European Commission proposes restrictions on financial practices

RESTRICTIONS on some of the practices blamed for triggering the economic crisis have been put forward by the European Commission as part of a major overhaul package.

They deal with credit default swaps, short selling and the $600 trillion derivatives market, and are designed to make it easier for regulators to detect risk in sovereign debt markets and act.

Outlining the latest tranche of measures, Internal Market Commissioner Michel Barnier said: “No financial market can afford to remain a wild west territory. No player, no market, no territory must remain outside supervision.”

Short selling is the practice of speculators selling securities they do not own with the intention of buying it back at a later point – frequently having acted to devalue the stock.

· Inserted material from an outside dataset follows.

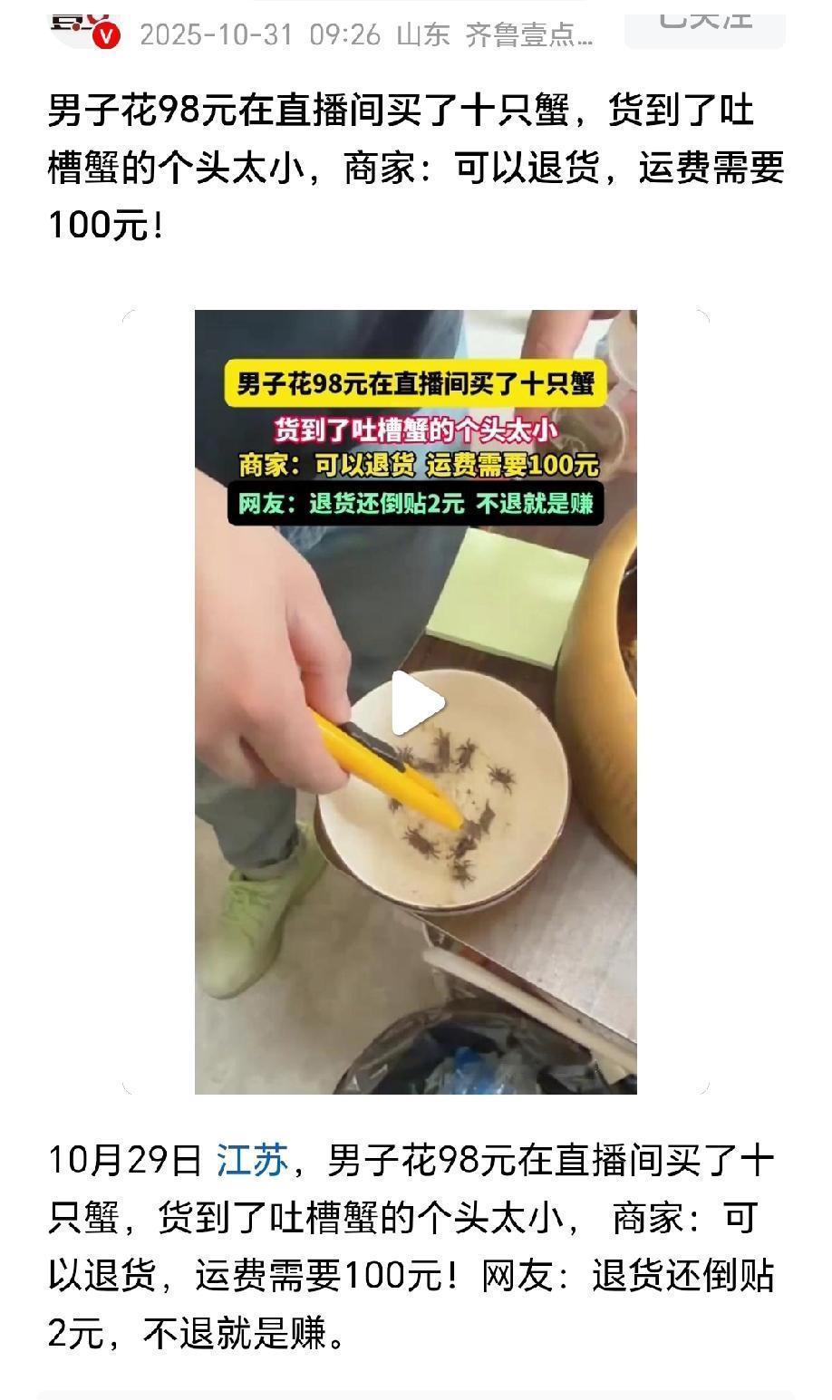 江苏,男子看到直播间卖的螃蟹不错,主播声称是四两的公蟹、三两的母蟹,98元就能到手10只螃蟹,他果断下单购买了10只。心心念念的螃蟹到货后,男子傻眼了,螃蟹个头特别小,还没硬币大,而且还有一只已经死亡。男子想退货,商家也同意七天无理由退货,但运费需要100元,折腾一趟还倒贴不少,男子无奈的笑了。 王先生闲来无事,喜欢看看直播、刷刷短视频打发无聊的时光。没一会,他就被直播间的螃蟹直播勾得挪不开眼。 只见主播拿着肥美的螃蟹在镜头前晃悠,充满激情的吆喝着:家人们福利来了,四两重的大公蟹、三两沉的大母蟹,现在下单98元直接发10只,错过就要再等一年。 王先生平时就爱吃螃蟹,一听这价格和规格,他觉得太划算了。 他知道,市场上一只四两的公蟹就得二三十,10只差不多得两百多,这波羊毛值得薅一把。 王先生越看越上头,主播还亲口承诺每只都保肥保活,收到不满意随时退,直播间里不断滚动的订单和网友的好评,他再也忍不住,果断点了下单。 接下来的几天,王先生天天盼着快递到货,脑子里已经脑补出清蒸螃蟹、香辣蟹的美味,就连做梦都想着掰开蟹壳满是蟹黄蟹膏的样子。 好不容易等来了取件通知,他赶紧一路小跑去快递站,抱着沉甸甸的箱子,心里美滋滋的期待着他的螃蟹。 可拆开箱子的那一刻,王先生脸上的笑容瞬间僵住了。 箱子里的10只螃蟹蜷缩着,个头小得可怜,他随手掏出一枚一元硬币比对,发现螃蟹连壳带腿还没硬币大。 这哪是四两公蟹、三两母蟹啊?分明是螃蟹宝宝。 王先生越看越生气,个头小就罢了,其中还有一只已经硬邦邦的,早就没了生命迹象。 他立刻联系商家客服,质问对方为什么货不对板。 客服倒是回复得挺快,简单的致歉以后,就爽快的告诉王先生,要是不满意,支持七天无理由退货哦。 一听能退货,王先生的心里稍微平复了些,觉得能及时止损。 可看到客服发来的地址,他直接傻了眼,退货地址竟然在西藏。 王先生查了下快递费用,从江苏寄到西藏,寄这箱螃蟹的运费要100元,这笔损失还要他自己承担。 买螃蟹才花了98元,退货运费就要100元,这不是明摆着让人没法退嘛,王先生被商家妥妥的套路了一波。 王先生看着小得可怜的螃蟹,他实在进退两难。不退吧,这螃蟹根本没法吃,退吧,还得再倒贴2块钱,折腾一圈更不划算。 看到王先生的遭遇,网友调侃道:退货倒贴2元,不退就是赚了。 本想在直播间薅个羊毛,结果却被直播间套路,王先生这是典型的贪小便宜吃大亏。 对于王先生的遭遇,他该如何合法的维权呢? 首先,王先生可以举报商家虚假宣传。 《反不正当竞争法》第八条规定,经营者不得对其商品的性能、功能、质量、销售状况、用户评价、曾获荣誉等作虚假或者引人误解的商业宣传,欺骗、误导消费者。 商家通过直播间明确宣称销售的是四两公蟹、三两母蟹,但实际到货的螃蟹还没硬币大,与宣传的重量标准存在根本性差异,显然属于故意传递与商品实际情况不符的信息。 这种行为并非简单的货不对板,而是通过夸大商品规格制造优惠假象,欺骗、误导王先生基于错误认知下单,已构成典型的虚假商业宣传,可以追究商家的行政责任。 其次,商品存在质量问题,退货运费应由商家承担。 《消费者权益保护法》第二十四条规定,经营者提供的商品或者服务不符合质量要求的,消费者有权依照国家规定、当事人约定退货,或者要求经营者履行更换、修理等义务。 依照前款规定进行退货、更换、修理的,经营者应当承担运输等必要费用。 王先生收到的螃蟹不仅个头远未达到宣传标准,无法实现正常食用目的,明显不符合商品应有的质量要求。 这是因商品质量问题引发的退货,运输等必要费用应由经营者承担,而非王先生。 最后,商家行为涉嫌欺诈,王先生可主张三倍赔偿。 《消费者权益保护法》第五十六条规定,经营者提供商品或者服务有欺诈行为的,应当按照消费者的要求增加赔偿其受到的损失,增加赔偿的金额为消费者购买商品的价款或者接受服务的费用的三倍;增加赔偿的金额不足五百元的,为五百元。 商家明知所售螃蟹无法达到四两公蟹、三两母蟹的规格,仍通过直播间夸大宣传,主观上具有欺骗的故意,客观上实施了误导消费者的行为,已构成消费欺诈。 王先生作为受害消费者,不仅有权要求商家退还全部购物款98元,还可主张商家赔偿500元。 因此,王先生并不会倒贴2元,而是要勇敢的拿起法律武器,维护自己的合法权益。

In naked short selling, the seller has not informed the owner he is “borrowing” it.

Under the proposal, all such actions will have to be flagged so that regulators know which transactions are short and investors will have to disclose significant net short positions at 0.2% of issued share capital to the regulator and to the market if it reaches 0.5%.

This should allow regulators to detect any developing risks to the stability of sovereign debt markets, including on those obtained through sovereign credit default swaps, which is regarded as insurance against the risk of default.

In exceptional circumstances regulators would have the power to restrict or ban short selling – a power that varies greatly between member states at present.

National regulators will also be able to restrict short selling until the end of the next trading day on a financial instrument that falls significantly in a day.

“We have to limit the risks of this hyper speculation by shedding light, by forcing people to be transparent. We have to know on all of these markets with the Americans and other regions, who is doing what,” Commissioner Barnier said.

Information on over-the-counter (not through an exchange) derivatives contracts under a second proposal would be reported to trade repositories and be accessible to supervisory authorities.

More information will also be made available to all market participants and standard over the counter derivative contracts will be cleared through central clearing houses to reduce the risk of one party defaulting on the contract.

Dutch MEP Corien Wortmann-Kool, EPP vice-president economy, welcomed the proposals but the smaller Green group said they do not go far enough. The InternationalSecurities Lending Association, a lobby group for the industry, warned it would increase costs for investors.